Climate Bonds Could Finance Chemical Sector Investment

So-called ‘green bonds’ offer significant potential for financing capital investment in the chemical industry according to Sean Kidney, chief executive officer (CEO) of non-profit organisation the Climate Bonds Initiative.

Speaking in Milan at the fourth Italian national conference on chemistry and energy, he noted that according to the HSBC/Climate Bonds report
‘Bonds & Climate Change 2013’
, green and climate bonds are already a US$346bn sector, with issuance growing by 25% during 2012.

“The latest science shows that carbon emissions in industrialised countries will need to drop by at least 90% by 2050 in order to avoid severe climate change.” Kidney said. “The still largely petroleum-based chemical industry can play a leading role in this process.

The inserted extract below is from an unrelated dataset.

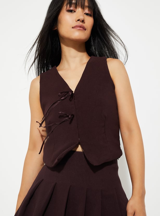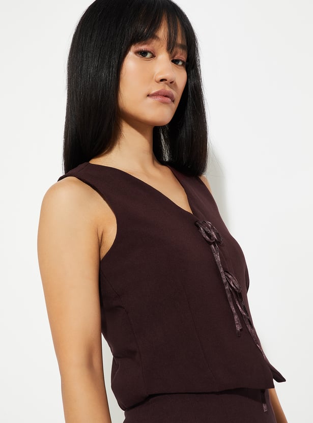 Add a touch of sophistication to your outfit with this textured waistcoat, featuring a v-neck, sleeveless design, and a tie-up closure. Its refined texture and modern cut make it a stylish layering piece for any occasion.

“First, substantial progress is being made in switching to renewable biological feedstock. These are important developments in terms of a shift to a low-carbon industry.

“Secondly, the International Energy Agency (IEA) estimates that some 40% of investment in reducing greenhouse gas emissions to 2050 will be in energy efficiency. With an estimated 9% share of global energy use and large numbers of older plants, huge plant energy savings can be made with appropriate capital investment.”

The Climate Bonds Initiative, an investor-focused non-profit organisation promoting large-scale investment in the low-carbon economy, is examining the inclusion within its eligibility criteria of bonds used to finance such investments.